**Work to complete**
Return the material below exactly, but only from the line with "Printex.EG - روب" through the line with "直播课上,庄天宁结合精心制作", and without its pictures.

**Stored data**
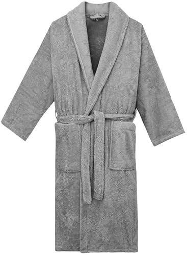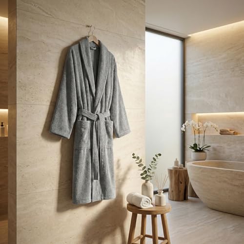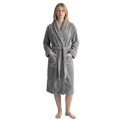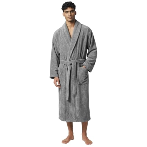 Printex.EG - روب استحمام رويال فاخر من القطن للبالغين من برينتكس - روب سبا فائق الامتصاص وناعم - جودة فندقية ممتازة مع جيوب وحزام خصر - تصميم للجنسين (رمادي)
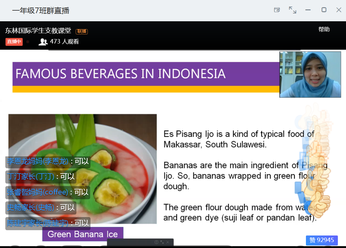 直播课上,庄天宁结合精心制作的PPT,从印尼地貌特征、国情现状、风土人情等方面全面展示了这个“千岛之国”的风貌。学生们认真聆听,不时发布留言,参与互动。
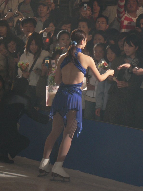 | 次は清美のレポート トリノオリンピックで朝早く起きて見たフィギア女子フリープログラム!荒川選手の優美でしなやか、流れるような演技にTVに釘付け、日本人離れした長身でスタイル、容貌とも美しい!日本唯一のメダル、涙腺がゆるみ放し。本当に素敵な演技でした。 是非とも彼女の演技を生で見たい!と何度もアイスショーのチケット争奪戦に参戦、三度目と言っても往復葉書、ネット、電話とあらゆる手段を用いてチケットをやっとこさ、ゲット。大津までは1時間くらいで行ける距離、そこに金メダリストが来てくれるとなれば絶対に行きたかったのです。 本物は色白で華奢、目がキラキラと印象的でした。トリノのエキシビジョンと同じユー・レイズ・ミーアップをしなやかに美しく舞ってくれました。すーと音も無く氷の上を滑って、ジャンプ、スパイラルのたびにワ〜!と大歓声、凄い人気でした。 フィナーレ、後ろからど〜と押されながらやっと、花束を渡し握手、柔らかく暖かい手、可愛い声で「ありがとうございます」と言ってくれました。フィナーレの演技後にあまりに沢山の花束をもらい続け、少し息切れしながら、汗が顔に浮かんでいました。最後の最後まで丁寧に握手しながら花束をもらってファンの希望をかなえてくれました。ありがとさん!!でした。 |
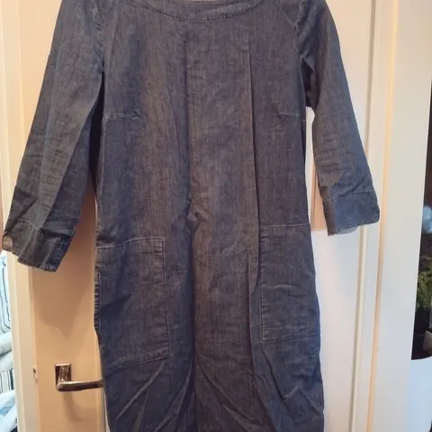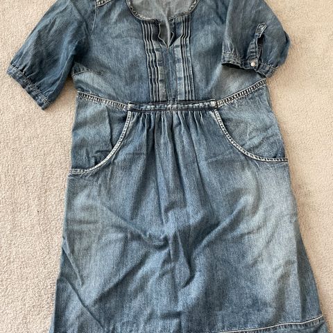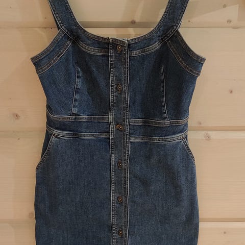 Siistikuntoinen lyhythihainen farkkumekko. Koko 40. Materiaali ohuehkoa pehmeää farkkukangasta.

* * *

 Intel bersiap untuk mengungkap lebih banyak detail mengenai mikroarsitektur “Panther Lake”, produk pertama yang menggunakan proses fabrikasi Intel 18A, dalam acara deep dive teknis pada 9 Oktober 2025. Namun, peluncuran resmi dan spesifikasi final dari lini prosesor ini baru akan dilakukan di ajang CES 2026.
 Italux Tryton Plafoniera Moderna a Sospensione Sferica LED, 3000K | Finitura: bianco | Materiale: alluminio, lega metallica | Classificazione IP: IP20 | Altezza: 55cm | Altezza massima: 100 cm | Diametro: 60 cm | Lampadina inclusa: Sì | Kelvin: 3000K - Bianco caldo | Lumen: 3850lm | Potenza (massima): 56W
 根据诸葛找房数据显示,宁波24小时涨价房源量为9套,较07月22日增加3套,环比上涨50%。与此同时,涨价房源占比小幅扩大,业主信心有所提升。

**Answer below**
 Printex.EG - روب استحمام رويال فاخر من القطن للبالغين من برينتكس - روب سبا فائق الامتصاص وناعم - جودة فندقية ممتازة مع جيوب وحزام خصر - تصميم للجنسين (رمادي)
 直播课上,庄天宁结合精心制作的PPT,从印尼地貌特征、国情现状、风土人情等方面全面展示了这个“千岛之国”的风貌。学生们认真聆听,不时发布留言,参与互动。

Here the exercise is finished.